Le procureur de Dunkerque vient par une décision exceptionnelle d'ordonner la suspension de l'exécution des écrous jusqu'au 5 septembre, à l'exception des peines d'emprisonnement pour les faits les plus graves (infractions à caractère sexuel, violences en récidive, etc.). Il évoque une situation de sur-occupation (137 détenus pour 105 places au 1er juillet) dans la maison d'arrêt, avec des matelas par terre, des problèmes d'hygiène, des risques de tensions et de violences accrus... L'OIP a également connaissance sur cet établissement de dortoirs de 16m2 où s'entassent 11 détenus pour 8 places théoriques.
La situation de Dunkerque n’a rien d’exceptionnel en cette période de record historique du nombre de personnes incarcérées. Le record du nombre de détenus a été atteint le mois dernier (64 971 détenus au 1er juin), il est de 64 726 au 1er juillet. 80% des maisons d’arrêt ou quartiers maison d’arrêt dépassent actuellement leur capacité d’accueil (100%). Certains établissements se situent même au-delà d’un taux d’occupation de 180%, telles les maisons d’arrêt de Longuenesse, de Laval, Tours, Orléans…
Cette situation apparaît comme la conséquence directe des instructions adressées par le gouvernement aux Parquets suite à l’affaire de Pornic de janvier dernier, afin qu’ils mettent à exécution l’ensemble des peines et mesures en attente.

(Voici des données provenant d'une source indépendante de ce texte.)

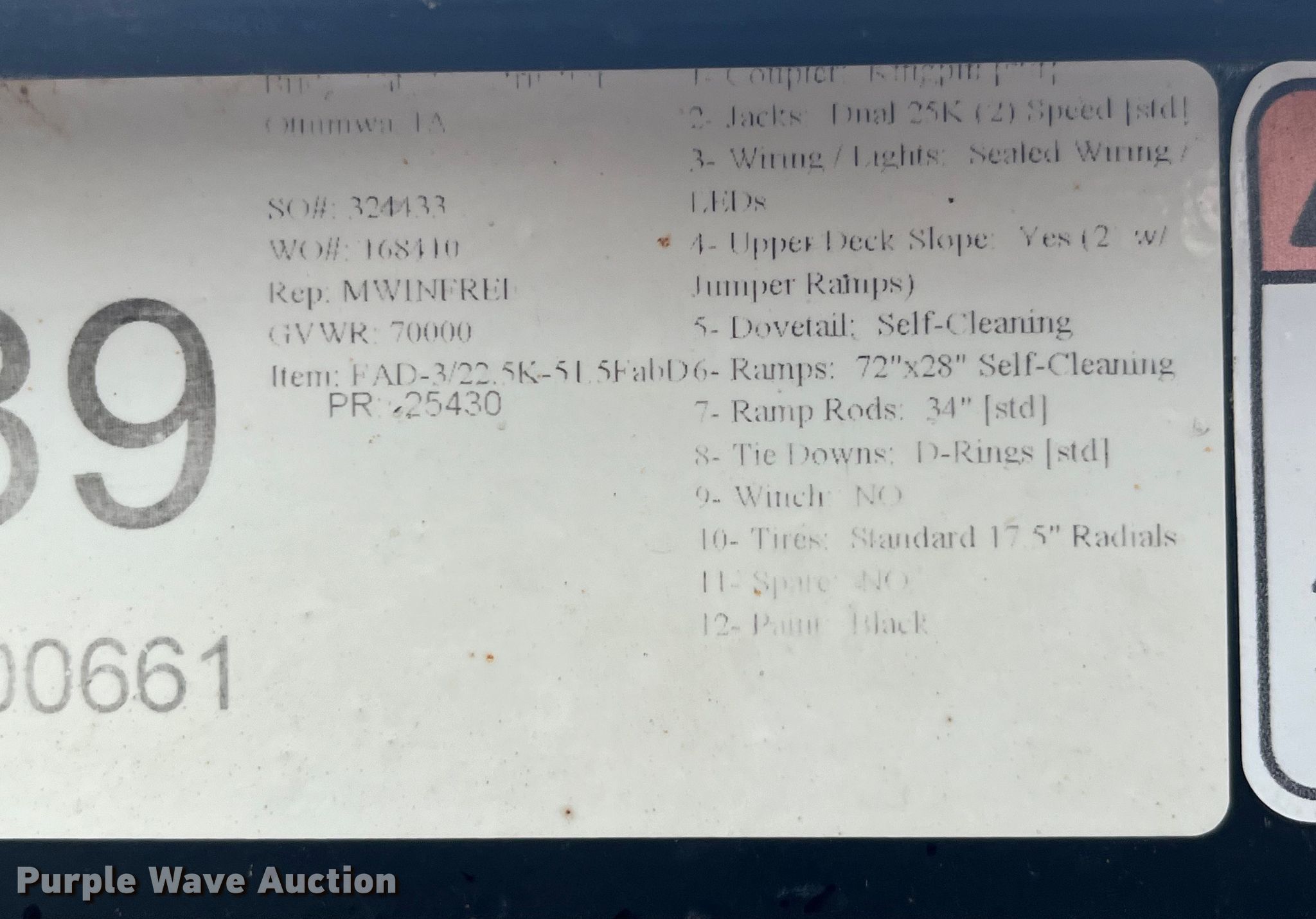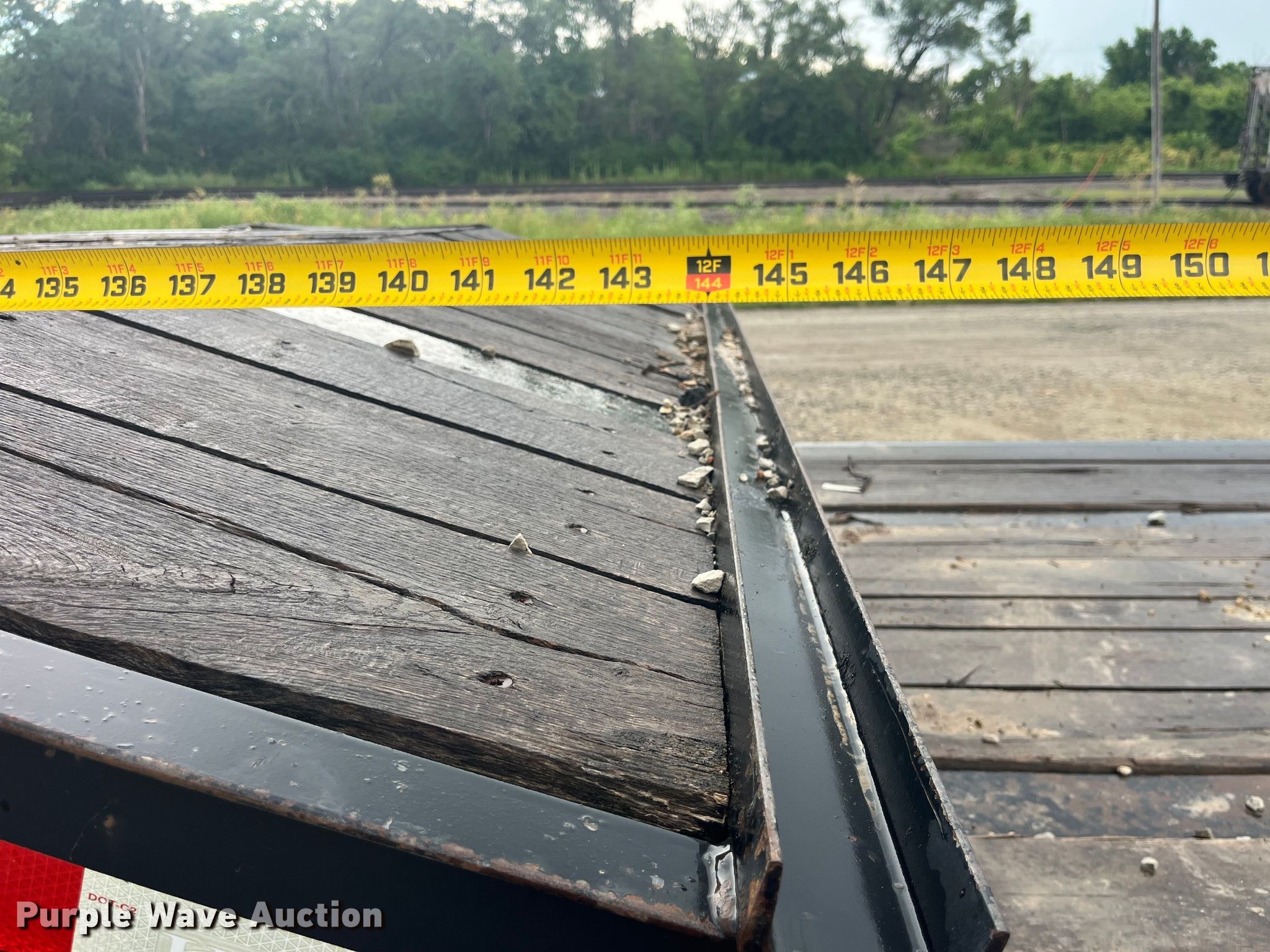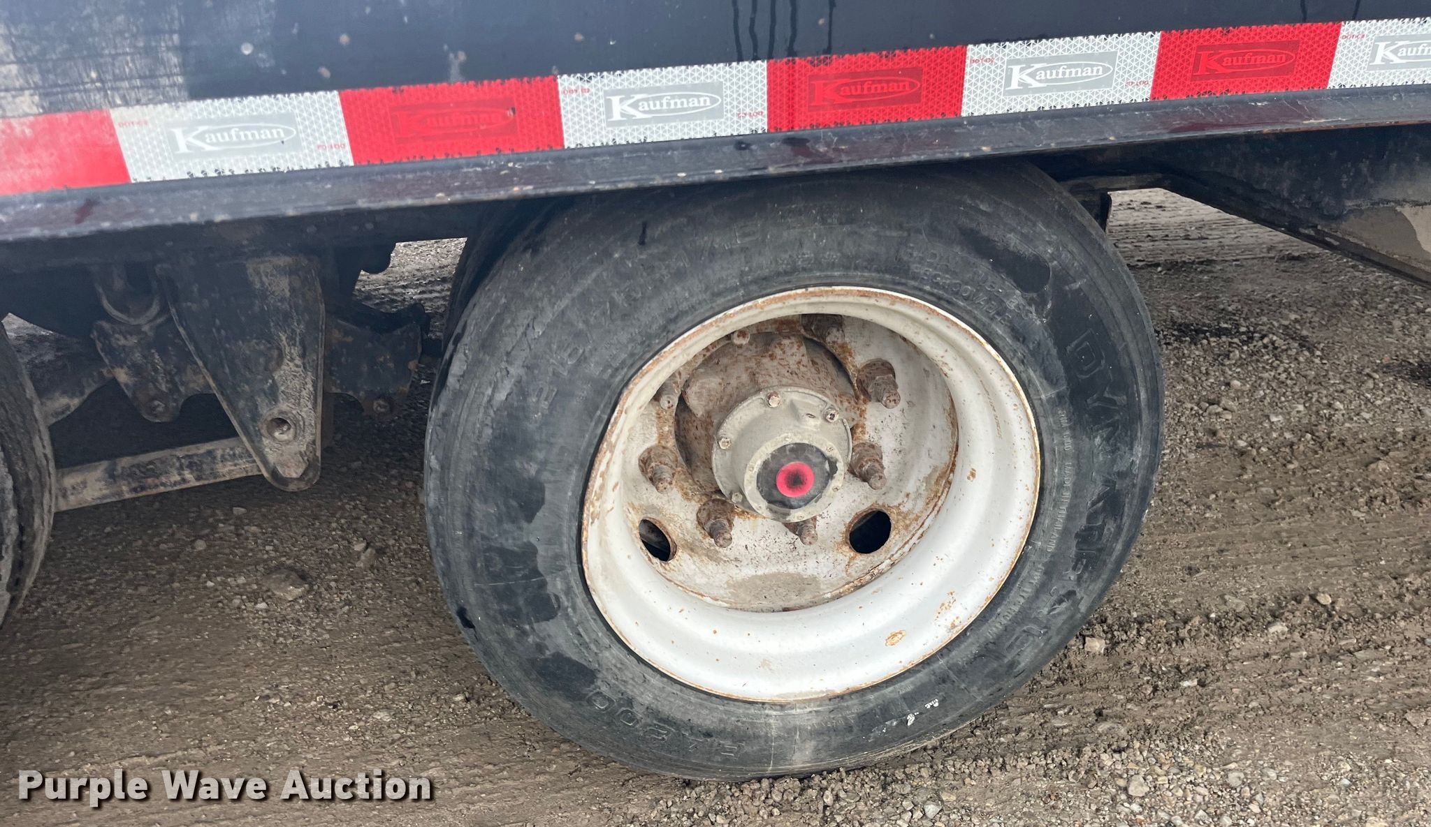 2018 Kaufman drop deck equipment trailer. VIN: 5SHAD5138JB000661. Dimensions Overall: 53' x 102" W, Deck: 33' 11" L x 100.5" W, Top deck length: 12', Tail length: 61", Ramps: Manual Length: 72". Features Deck type: Wood. Chassis Landing gear: Dual, Suspension: Spring, Brakes: Air, Axles: Triple, GVWR: 70,000 lbs. Tires Steel wheels, Size: 215/75R17.5. Notes Semi truck not included. Iowa title. Title distribution may be delayed up to 14 days from verification of funds. Bridge City Construction Inventory Reduction. Ottumwa, IA 52501
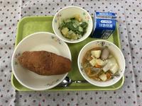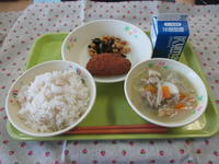 しょうがご飯、牛乳、うまかコロッケ、米粉のだご汁 です。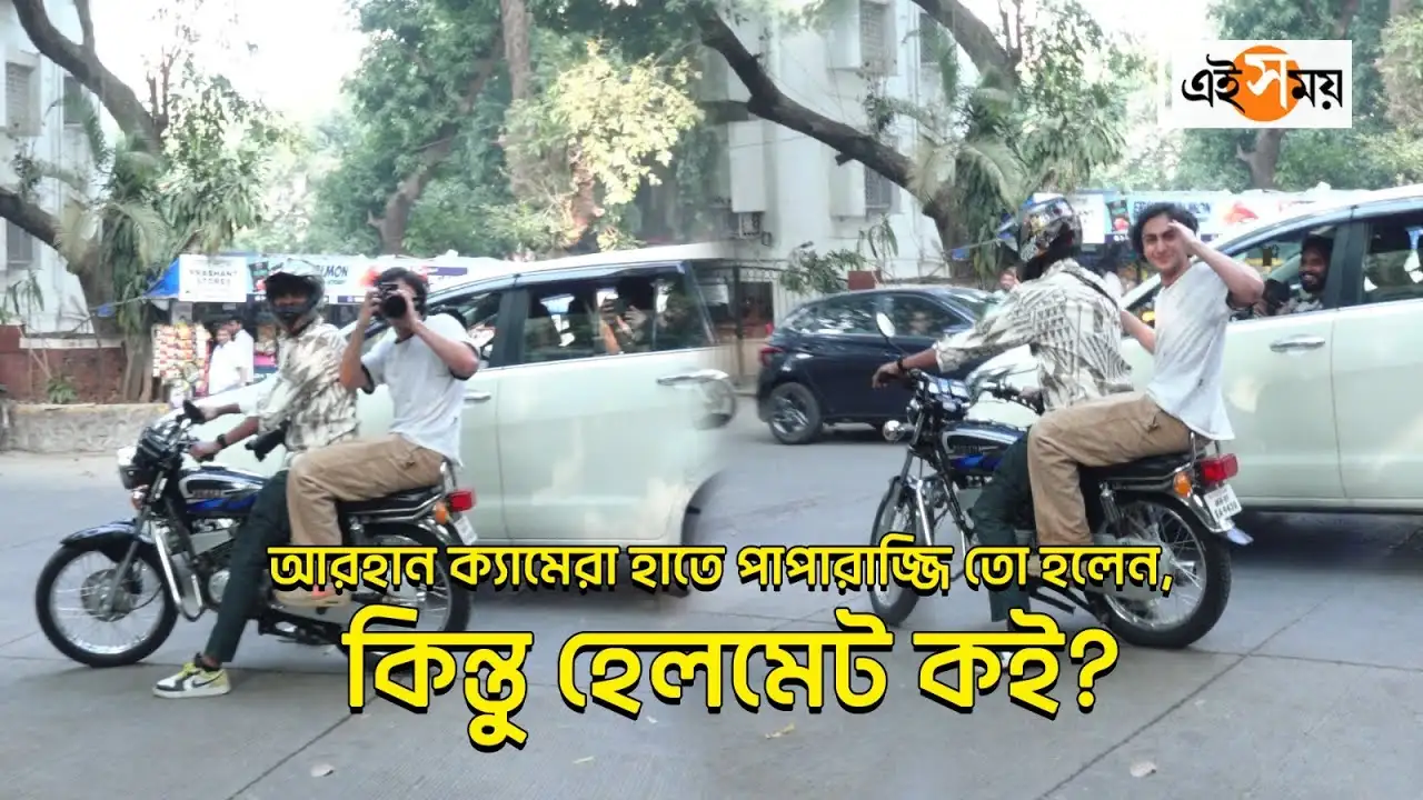 বাবা আরবাজ খানের দ্বিতীয় বিয়ের পর থেকেই তুমুল চর্চায় আরহান খান। এই তিনি বাবার বিয়েতে নাচে গানে মশগুল। তো পর মুহূর্তে মা মালাইকাকে সঙ্গ দিচ্ছেন ক্রিসমাসে। ছেলে হিসেবে কত দায়িত্ব বলুন তো? আর তারই মধ্যে হঠাত্‌ করেই আরহানের ইচ্ছে হল একটু ক্যামেরা হাতে কারিকুরি করার। যে চিত্র সাংবাদিকরা তাঁদের সর্বক্ষণ ছবি তোলেন, তাঁদের জীবনটা একটু উপভোগ করতে চাইলেন আরহান খান। বাইকে চেপে ক্যামেরা হাতে বেরিয়ে পড়লেন। খানিক ছবিও তুললেন, আর তারপর স্টার সুলভ কায়দায় হাত নেড়ে বেরিয়েও গেলেন। কিন্তু আরহান মাথার হেলমেটটা কোথায় গেল বলুন তো?

Réagissant dans la précipitation suite à un fait divers tragique, le gouvernement s’est une nouvelle fois peu soucié des conditions dans lesquelles ces peines seraient appliquées, avec des conséquences indignes pour les détenus et les personnels pénitentiaires.
Les condamnations de l’Etat par les tribunaux administratifs pour des « conditions de détention n’assurant pas le respect de la dignité inhérente à la personne humaine » se multiplient, les dernières en date concernant les établissements de Nanterre et Bois d’Arcy, issus des programmes immobiliers des années 90. En juin 2010, le tribunal administratif avait déjà condamné l’Etat à verser des indemnités de 250 à 4000 euros à 38 personnes détenues ou anciennement détenues à la maison d’arrêt de Rouen.
Pour toute réaction, la Chancellerie demande aujourd’hui au procureur de Dunkerque de revenir sur ses instructions, maintenant sa préoccupation d’afficher un meilleur taux d’exécution des peines, au détriment de toute démarche de prévention de la récidive et de réinsertion et du respect de l’article 22 de la loi pénitentiaire adoptée fin 2009, selon lequel « l’administration pénitentiaire garantit à toute personne détenue le respect de sa dignité et de ses droits ».
Pour l’OIP, le procureur de Dunkerque s’inscrit dans son rôle de gardien des libertés individuelles lorsqu’il reporte l’exécution de certaines peines dans les conditions actuelles. L’association appelle l’ensemble des Parquets à suivre le même exemple, afin de mettre l’Etat face aux conséquences de sa politique pénale.